• TASK PROMPT: Please transcribe the data exactly as shown, skipping the images.

• DATA SECTION:
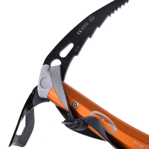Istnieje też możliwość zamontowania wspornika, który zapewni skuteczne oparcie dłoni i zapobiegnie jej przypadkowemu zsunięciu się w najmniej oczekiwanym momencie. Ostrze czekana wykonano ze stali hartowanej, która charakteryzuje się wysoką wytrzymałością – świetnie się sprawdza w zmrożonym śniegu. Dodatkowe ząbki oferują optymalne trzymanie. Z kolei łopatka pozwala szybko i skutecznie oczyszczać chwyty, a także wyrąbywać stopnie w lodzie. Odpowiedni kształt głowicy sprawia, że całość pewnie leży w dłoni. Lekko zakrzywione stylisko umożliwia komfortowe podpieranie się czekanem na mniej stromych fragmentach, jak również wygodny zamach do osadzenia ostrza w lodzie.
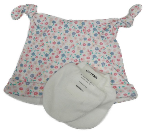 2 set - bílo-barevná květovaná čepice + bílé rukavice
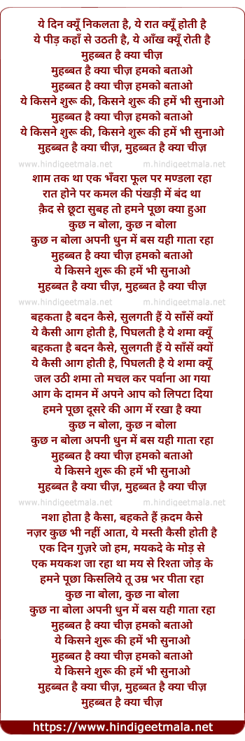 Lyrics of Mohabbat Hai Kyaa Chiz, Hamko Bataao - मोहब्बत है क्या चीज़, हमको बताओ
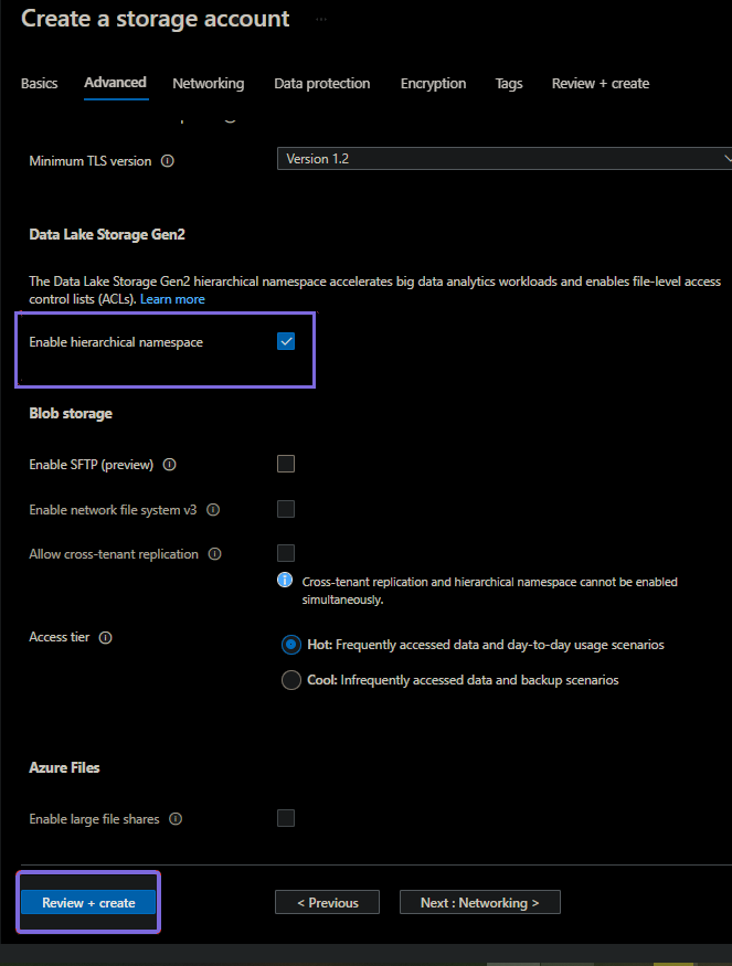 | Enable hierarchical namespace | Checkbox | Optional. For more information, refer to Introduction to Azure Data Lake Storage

• RESULT OF THE EXERCISE:
Istnieje też możliwość zamontowania wspornika, który zapewni skuteczne oparcie dłoni i zapobiegnie jej przypadkowemu zsunięciu się w najmniej oczekiwanym momencie. Ostrze czekana wykonano ze stali hartowanej, która charakteryzuje się wysoką wytrzymałością – świetnie się sprawdza w zmrożonym śniegu. Dodatkowe ząbki oferują optymalne trzymanie. Z kolei łopatka pozwala szybko i skutecznie oczyszczać chwyty, a także wyrąbywać stopnie w lodzie. Odpowiedni kształt głowicy sprawia, że całość pewnie leży w dłoni. Lekko zakrzywione stylisko umożliwia komfortowe podpieranie się czekanem na mniej stromych fragmentach, jak również wygodny zamach do osadzenia ostrza w lodzie.
 2 set - bílo-barevná květovaná čepice + bílé rukavice
 Lyrics of Mohabbat Hai Kyaa Chiz, Hamko Bataao - मोहब्बत है क्या चीज़, हमको बताओ
 | Enable hierarchical namespace | Checkbox | Optional. For more information, refer to Introduction to Azure Data Lake Storage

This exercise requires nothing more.